I believe I understood the concepts of weak and strong solution of a SDE. But I don't understand why should I care about strong solution. Let me put it more precisely.
Suppose a have a Brownian motion $B$ defined on a filtered proabibility space $(\Omega, \mathcal{F}, (\mathcal{F_t})_{t>0},\mathbb{P})$. Suppose I have the following SDE
$$dX_t=\mu(X_t)dt+\sigma(X_t)dB_t,$$
where $\mu(\cdot)$ and $\sigma(\cdot)$ are integrable functions.

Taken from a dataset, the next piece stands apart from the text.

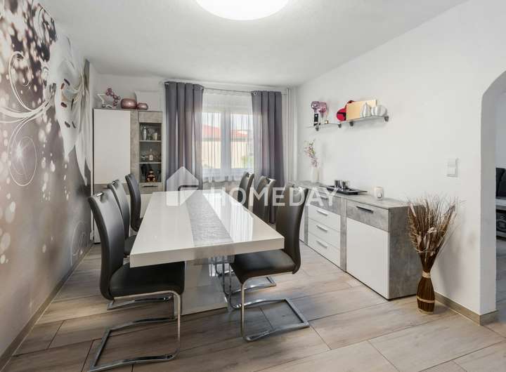 Schon beim Betreten des Hauses spürt man die gepflegte und einladende Atmosphäre. Das 1948 in massiver Bauweise errichtete Gebäude wurde kontinuierlich modernisiert, um zeitgemäßen Wohnkomfort zu bieten. 2019 erfolgten umfangreiche Sanierungsmaßnahmen, darunter die Erneuerung der Elektrik, der Fenster und des Dachs inklusive neuer Dämmung. Auch Wände und Fußböden wurden kürzlich modernisiert.

Now suppose I have a weak, but not strong solution to this SDE. Then, if I understood correctly, having a weak solution means that if I enrich my probability space by replacing the original filtration $(\mathcal{F_t})_{t>0}$ by some richer admissible filtration for the Brownian motion $B_t$, say $(\mathcal{\hat{F}_t})_{t}$, then I would get a strong solution on the filtered probability space $(\Omega, \mathcal{F}, (\mathcal{\hat{F}_t})_{t>0},\mathbb{P})$. Importantly, the new filtration is still admissible, and therefore, it doesn't "rely on future information".
Therefore, whenever I have a weak I solution, but not strong, all I should do is assume a filtration that is "rich enough"? I guess I must have got something wrong.